Four Chicago sisters anchor a sharp, sly family story of feminine guile and guilt.
Newcomer Lombardo brews all seven deadly sins into a fun and brimming tale of an unapologetically bougie couple and their unruly daughters. In the opening scene, Liza Sorenson, daughter No. 3, flirts with a groomsman at her sister’s wedding. “There’s four of you?” he asked. “What’s that like?” Her retort: “It’s a vast hormonal hellscape. A marathon of instability and hair products.” Thus begins a story bristling with a particular kind of female intel.
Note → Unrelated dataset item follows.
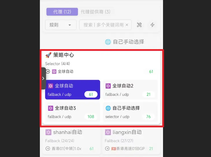 策略中心策略组使用全球自动策略但仍然感觉网络不好用时,就得在策略中心策略组中尝试其他序号的全球自动策略 - 当任何
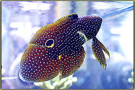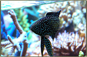 La prima foto è tutto fuorchè bella, ma è una delle più vecchie che ho, risale all’agosto del 2002, e sicuramente testimonia come questo magnifico pesce sia cresciuto, da notare infatti il rapporto fra la testa e le pinne… e come allora si vedesse la linea laterale… dato che oggi, come dice chi viene a vedere il mio acquario, è difficile vederne uno che stia meglio in cattività se si misura la larghezza del dorso Calloplesiops altivelis: la nostra Camomilla, pesce spaventosamente bello, anch’ella in vasca dal luglio del 2002 ed ormai in taglia adulta di 20 cm, ha una sola controindicazione, il suo innato appetito verso i gamberetti, anni fa quando ancora la mia cultura acquariofila era molto bassa in tal senso, si è pappata ben 7 lysmata wurdemanni nel giro di due sere. A parte questo ed una timidezza sicuramente accentuata rispetto ad altri pesci, è un pesce che si lascia ammirare in tutta la sua bellezza soprattutto al crepuscolo o quando sente odore di cibo.

When Wendy, the oldest, sets her sights on a mate, she “made sure she left her mark throughout his house—soy milk in the fridge, box of tampons under the sink, surreptitious spritzes of her Bulgari musk on the sheets.” Turbulent Wendy is the novel’s best character, exuding a delectable bratty-ness. The parents—Marilyn, all pluck and busy optimism, and David, a genial family doctor—strike their offspring as impossibly happy. Lombardo levels this vision by interspersing chapters of the Sorenson parents’ early lean times with chapters about their daughters’ wobbly forays into adulthood. The central story unfurls over a single event-choked year, begun by Wendy, who unlatches a closed adoption and springs on her family the boy her stuffy married sister, Violet, gave away 15 years earlier. (The sisters improbably kept David and Marilyn clueless with a phony study-abroad scheme.) Into this churn, Lombardo adds cancer, infidelity, a heart attack, another unplanned pregnancy, a stillbirth, and an office crush for David. Meanwhile, youngest daughter Grace perpetrates a whopper, and “every day the lie was growing like mold, furring her judgment.” The writing here is silky, if occasionally overwrought. Still, the deft touches—a neighborhood fundraiser for a Little Free Library, a Twilight character as erotic touchstone—delight. The class calibrations are divine even as the utter apolitical whiteness of the Sorenson world becomes hard to fathom.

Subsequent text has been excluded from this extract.